In this implementation, we first determine the size of the matrix n. We initialize ans to store the degrees. For each vertex, we sum the corresponding row in matrix, which counts the number of edges connected to that vertex. Finally, we return ans.

Go Solution

func findDegrees(matrix [][]int) []int {
    n := len(matrix)
    ans := make([]int, n)
    for i := 0; i < n; i++ {
        degree := 0
        for j := 0; j < n; j++ {
            degree += matrix[i][j]
        }
        ans[i] = degree
    }
    return ans
}

In Go, we similarly determine the size of the matrix and create a slice ans of length n to hold the degrees. For each vertex, we iterate through its row and accumulate the sum of 1s in a variable degree, which we then assign to ans[i]. This version handles slices explicitly and does not rely on built-in sum functions.

Worked Examples

Example 1: matrix = [[0,1,1],[1,0,1],[1,1,0]]

Vertex Row Sum Degree
0 [0,1,1] 2 2
1 [1,0,1] 2 2
2 [1,1,0] 2 2

Result: [2, 2, 2]

Example 2: matrix = [[0,1,0],[1,0,0],[0,0,0]]

Vertex Row Sum Degree
0 [0,1,0] 1 1
1 [1,0,0] 1 1
2 [0,0,0] 0 0

Result: [1, 1, 0]

Example 3: matrix = [[0]]

Vertex Row Sum Degree
0 [0] 0 0

Result: [0]

Complexity Analysis

Measure Complexity Explanation
Time O(n^2) We iterate through each of the n rows, and each row has n elements, so O(n * n)
Space O(n) We store the degree of each of the n vertices in an output array

Even though we only sum rows, each row has n elements, so the algorithm is O(n^2), which is acceptable for n ≤ 100. Space is linear in the number of vertices because we only store the result.

Test Cases

solution = Solution()

# Provided examples
assert solution.findDegrees([[0,1,1],[1,0,1],[1,1,0]]) == [2,2,2]  # Fully connected 3-node graph
assert solution.findDegrees([[0,1,0],[1,0,0],[0,0,0]]) == [1,1,0]  # Sparse graph
assert solution.findDegrees([[0]]) == [0]  # Single vertex, no edges

# Edge cases
assert solution.findDegrees([[0,0],[0,0]]) == [0,0]  # Two disconnected vertices
assert solution.findDegrees([[0,1],[1,0]]) == [1,1]  # Two connected vertices
assert solution.findDegrees([[0]*100 for _ in range(100)]) == [0]*100  # Large disconnected graph
assert solution.findDegrees([[0 if i==j else 1 for j in range(100)] for i in range(100)]) == [99]*100  # Fully connected large graph
Test Why
[[0,1,1],[1,0,1],[1,1,0]] Validates fully connected small graph
[[0,1,0],[1,0,0],[0,0,0]] Validates sparse connections
[[0]] Validates single vertex case
[[0,0],[0,0]] Disconnected small graph
[[0,1],[1,0]] Two-node connected graph
100x100 zero matrix Validates large disconnected graph
100x100 fully connected matrix Validates large fully connected graph

Edge Cases

One important edge case is a single vertex graph (n = 1). The adjacency matrix is [[0]], and the algorithm correctly sums the row to return [0].
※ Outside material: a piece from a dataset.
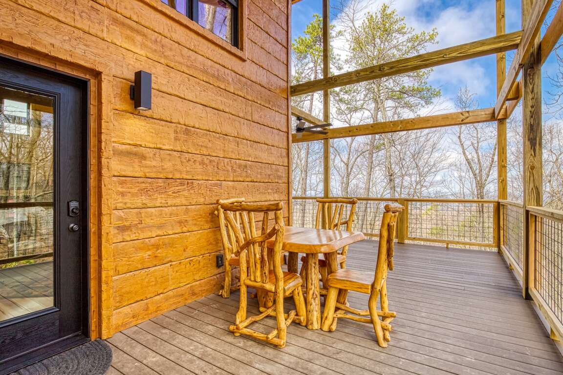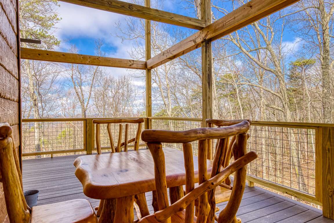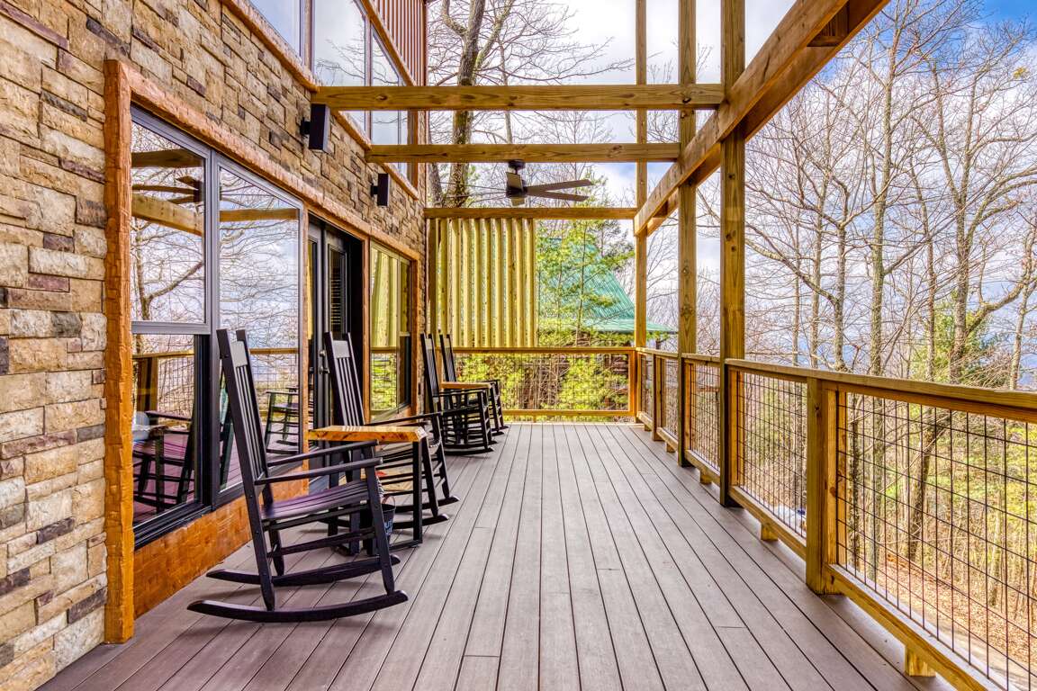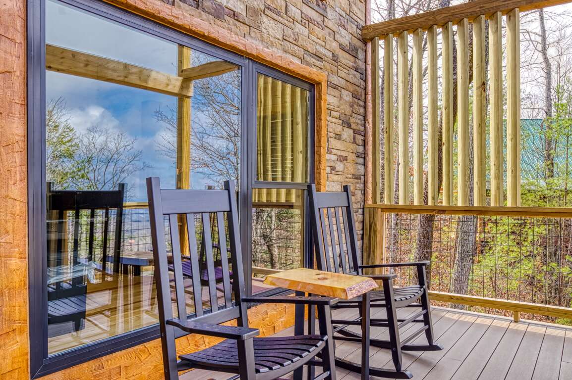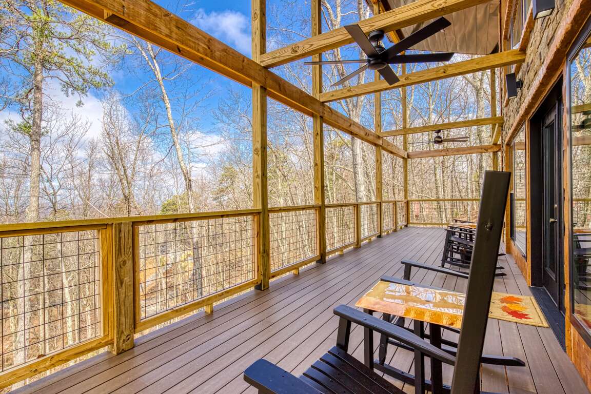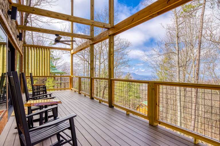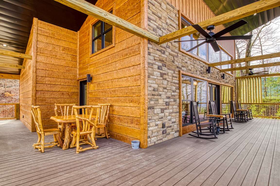 And then there’s the best part…the large L-shaped deck!!! There’s a rustic table and chairs that will make a perfect place for lunch, rocking chairs, and a big fan to carry those cool mountain breezes while you sit and listen to the leaves rustle in the trees. It’s the kind of place you can close your eyes, let your worries drift off, and fall in love with the peace of the mountains. Truth be told, it’s the part you’ll find yourself missing long after you head back home.

Another edge case is vertices with no connections. The algorithm handles rows full of 0s correctly, producing a degree of 0.

A third edge case is a fully connected graph where every vertex is connected to every other vertex. This tests that the algorithm correctly sums n-1 edges for each vertex and does not mistakenly include the diagonal element, which is guaranteed to be 0. This ensures no off-by-one errors.